In memory management, μC/OS-II manages successive large blocks of memory by partition. Each partition contains an integer number of memory blocks of the same size, but the size of memory between different partitions can be different. When the user dynamically allocates memory, it is only necessary to select an appropriate partition, allocate memory by block, and put the block back to the previously owned partition when released, thus eliminating the fragmentation problem caused by multiple dynamic allocation and release of memory. .

The μC/OS-II interrupt processing is relatively simple. Only one interrupt service subroutine ISR can be attached to an interrupt vector, and the user code must be completed in the ISR (Interrupt Service Routine).

The more things ISR needs to do, the longer the interrupt latency will be.

The maximum nesting depth that the kernel can support is 255.

In terms of file system support, since μC/OS-II is for small and medium-sized embedded systems, even if all functions are included, the compiled kernel is less than 10 KB, so the system itself does not provide support for the file system. However, μC/OS-II has good scalability and can be added to the contents of the file system if necessary.

In terms of hardware support, μC/OS-II can support most of the currently popular CPUs. μC/OS-II is very small due to its own kernel. The minimum size of the clipped code can be 2KB, and the minimum required data RAM space. For 4 KB, the porting of μC/OS-II is relatively simple, and only the code associated with the processor needs to be modified.

In summary, μC/OS-II is an embedded operating system kernel with simple structure, complete functions and real-time performance. It is very suitable for CPUs without MMU function. It requires very little kernel code space and data storage space, has good real-time performance, good scalability, and is open source. There are a lot of data and examples on the Internet, so it is suitable for porting to stm32.

2, μClinux

μClinux is an operating system that is fully compliant with the GNU/GPL convention. It is completely open source and is now supported by Line.

μClinux is an excellent embedded Linux version, which is called micro-control Linux. It literally means micro-control Linux. Compared to standard Linux, μClinux's kernel is very small, but it still inherits the main features of the Linux operating system, including good stability and portability, powerful network functions, excellent file system support, and standard rich APIs. And TCP/IP network protocols, etc. Because there is no MMU memory management unit, its multitasking implementation requires some skill.

μClinux inherits the standard multi-tasking implementation of Linux, which is divided into real-time process and common process. It adopts first-come first-served service and time-slice rotation scheduling respectively. It only improves the characteristics of low-end embedded CPU, and does not support kernel preemption. , real-time general.

In memory management, since μClinux is designed for processors without MMU, the virtual memory management technology of the processor cannot be used, and only the real memory management strategy can be adopted. The system uses the paged memory allocation method to page the actual memory at startup.
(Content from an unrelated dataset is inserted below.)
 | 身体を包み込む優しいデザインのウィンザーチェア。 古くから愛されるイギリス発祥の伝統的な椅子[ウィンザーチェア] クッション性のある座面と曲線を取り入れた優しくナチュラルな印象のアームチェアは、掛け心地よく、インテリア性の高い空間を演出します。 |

The system's access to memory is straightforward. The operating system has no protection for memory space. Multiple processes can share a single running space. Therefore, even an unprivileged process calling an invalid pointer triggers an address error and may cause a program. Crash or even system crash.

The interrupt management of the μClinux operating system divides the interrupt processing into two parts: top half processing and bottom half processing. In the top half of the process, the interrupt must be turned off and only necessary, very few, and fast processing is performed, and the other processing is handed to the bottom half of the processing; the bottom half of the processing performs those complicated, time consuming processing, and accepts the interrupt. Because there are many bottom-down processing of interrupts in the system, it will cause delays in system interrupt processing.
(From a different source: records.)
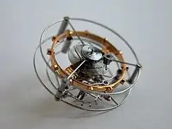 Plusieurs axes de rotations imbriqués créant un effet gyroscopique afin de compenser la rotation dans toutes les directions. Très coûteux néanmoins moins précis qu'une simple montre à quartz. La beauté de l'art et l'aspect visuel (le mécanisme est généralement bien visible pour être admiré) sont les motivations principales de ce luxe.
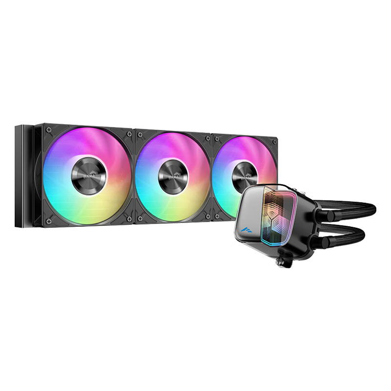 该散热器配备三把 ARGB 120mm 液压轴承风扇,通过可隐藏的定制线进行串联,官方标称最大风压可达 2.85mmH2O,最大风量可达 72.3CFM,最高转速为 2200±10% RPM。
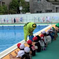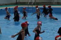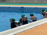 水泳の授業が始まりました。水の神の登場の後に、しっかりとルールを守りながら泳ぎ始めました。これからも楽しみながら、泳ぐことに親しんでいきましょう。

μClinux supports the file system well. Since μClinux inherits the perfect file system performance of Linux, it supports ROMFS, NFS, ext2, MS-DOS, JFFS and other file systems. However, the ROMFS file system is generally used. This file system takes up less space than a normal file system (such as ext2). However, the ROMFS file system does not support dynamic erasing and saving. For the data that the system needs to dynamically save, it must be processed by the virtual RAM disk/JFFS method.

In terms of hardware support, since μClinux inherits most of the performance of Linux, it requires at least 512KB of RAM space and 1MB of ROM/Flash space.
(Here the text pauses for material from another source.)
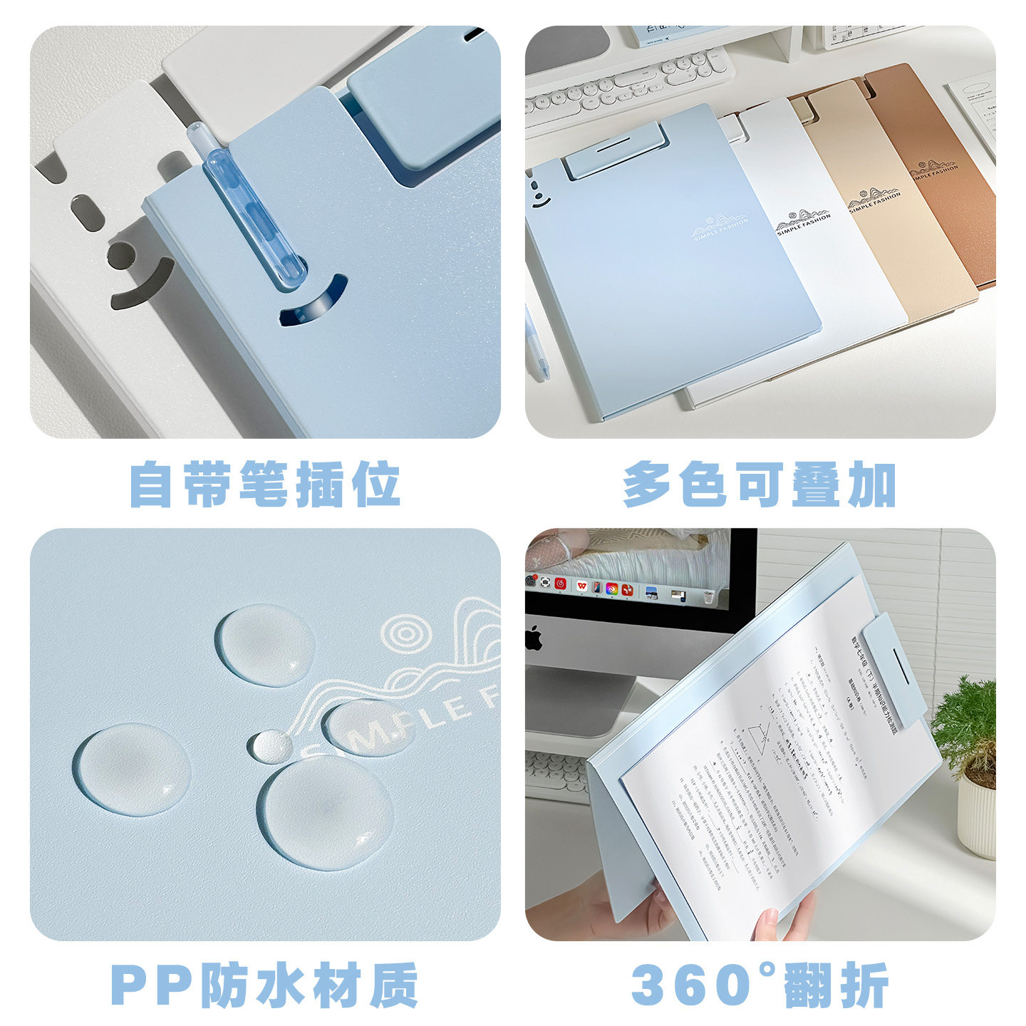 色系文件夹A4资料夹小学初中生专用高颜值试卷收纳夹板写字垫板

In the porting of μClinux, μClinux is an improvement of Linux for embedded systems, and its structure is more complicated. To port μClinux, the target processor needs to have enough external ROM and RAM in addition to the processor-related code.

In summary, the biggest feature of μClinux is that it is designed for MMU-free processors. This is suitable for stm32f103 without MMU function, but porting this system requires at least 512KB of RAM space, 1MB of ROM/FLASH space, and stmf103 has 256K. FLASH requires external storage, which increases the cost of hardware design. μClinux is complex in structure, relatively difficult to port, and has a large kernel. Its real-time performance is also poor. If the embedded products developed are focused on file systems and network applications, μClinux is a good choice.

3, eCos

eCos (embedded Configurable operaTIng system), Chinese translation for embedded configurable operating system or embedded configurable real-time operating system. Suitable for deep embedded applications, the main application objects include consumer electronics, telecommunications, automotive equipment, handheld devices and other low-cost and portable applications. It is a configurable, portable, real-time operating system for deep embedded applications with open source code. The biggest feature is flexible configuration, modular design, the core part is composed of small components, including the kernel, C language library and the underlying running package. Each component can provide a large number of configuration options (the real-time kernel is also available as an optional configuration), which can be easily configured using the configuration tools provided by eCos, and enables eCos to meet different embedded application requirements through different configurations.

In real time, due to the rich eCos scheduling method, two priority-based schedulers (ie, bitmap scheduler and multi-level queue scheduler) are provided, which allows the user to select one of the schedulers when configuring, and the adaptability is good. Therefore, it performs well in terms of real-time performance.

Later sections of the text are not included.